§ Material provided
↓

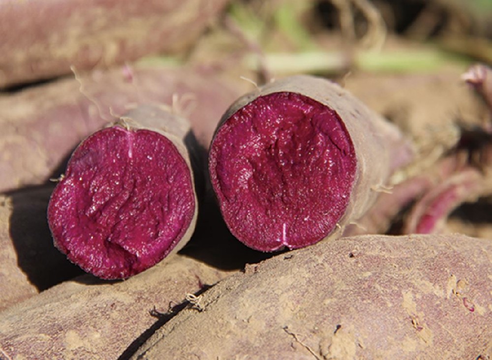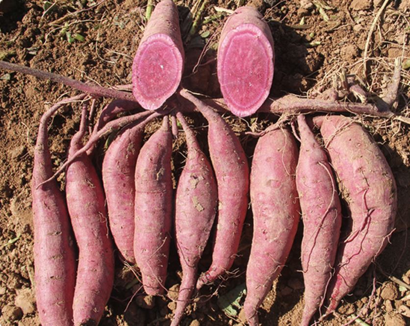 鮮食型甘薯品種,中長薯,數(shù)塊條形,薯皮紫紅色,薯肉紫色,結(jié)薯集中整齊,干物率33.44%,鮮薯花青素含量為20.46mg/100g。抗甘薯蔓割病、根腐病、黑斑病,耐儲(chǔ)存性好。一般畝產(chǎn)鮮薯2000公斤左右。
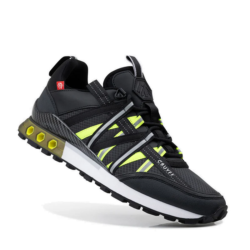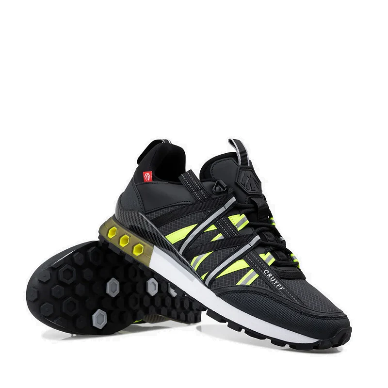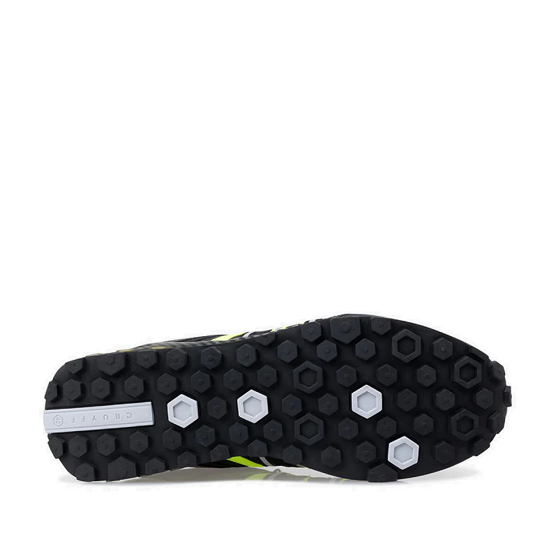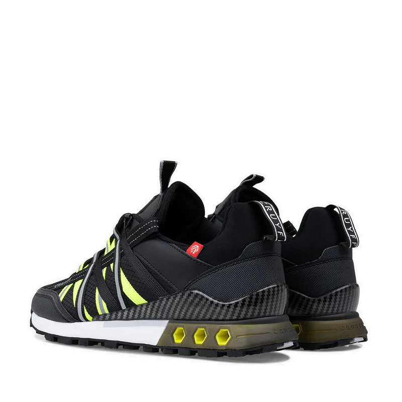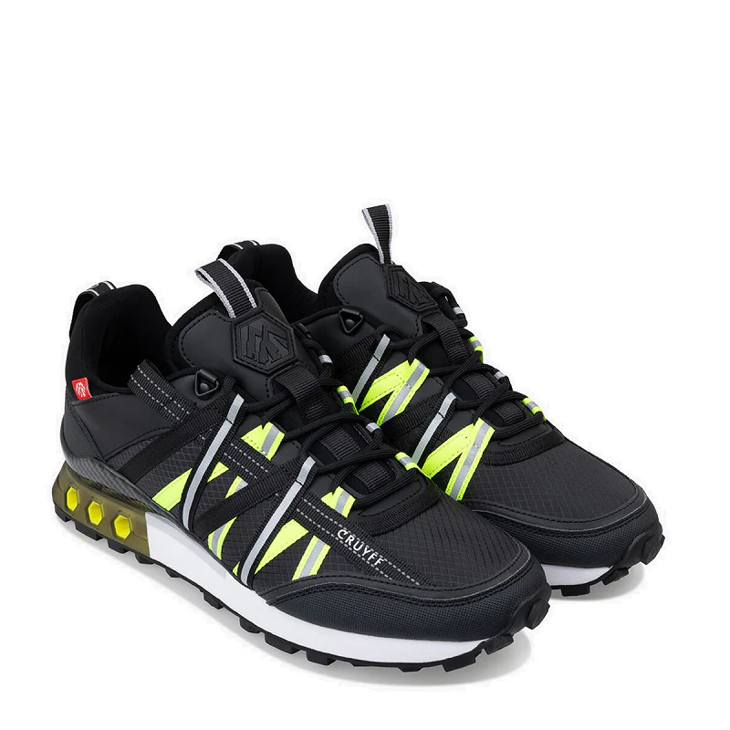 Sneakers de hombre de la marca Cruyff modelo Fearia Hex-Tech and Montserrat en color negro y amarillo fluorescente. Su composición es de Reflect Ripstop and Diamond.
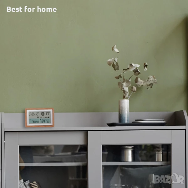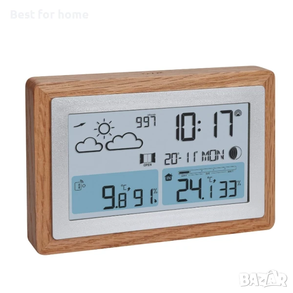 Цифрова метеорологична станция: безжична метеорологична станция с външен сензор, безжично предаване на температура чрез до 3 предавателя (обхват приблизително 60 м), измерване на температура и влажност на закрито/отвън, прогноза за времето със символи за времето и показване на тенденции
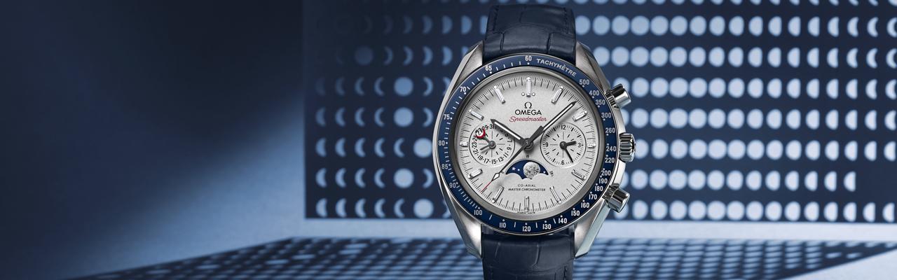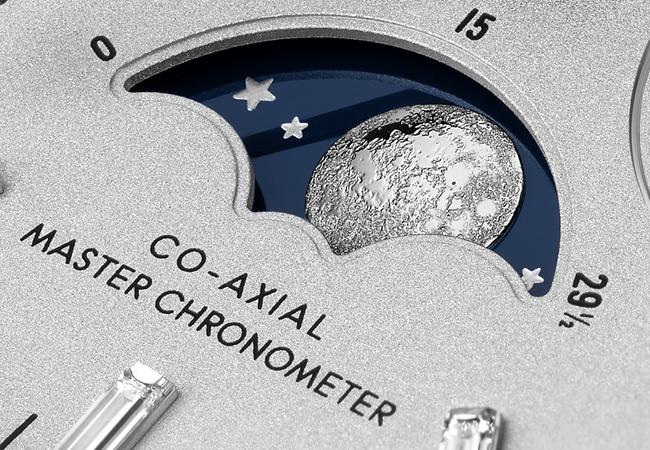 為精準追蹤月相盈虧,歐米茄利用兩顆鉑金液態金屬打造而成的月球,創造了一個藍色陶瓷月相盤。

↑

§ What this task involves
Return, unchanged, the lines from the first line of the material through the line that holds "Sneakers de hombre", inclusive, omitting pictures.

§ Solution to the problem
 鮮食型甘薯品種,中長薯,數(shù)塊條形,薯皮紫紅色,薯肉紫色,結(jié)薯集中整齊,干物率33.44%,鮮薯花青素含量為20.46mg/100g。抗甘薯蔓割病、根腐病、黑斑病,耐儲(chǔ)存性好。一般畝產(chǎn)鮮薯2000公斤左右。
 Sneakers de hombre de la marca Cruyff modelo Fearia Hex-Tech and Montserrat en color negro y amarillo fluorescente. Su composición es de Reflect Ripstop and Diamond.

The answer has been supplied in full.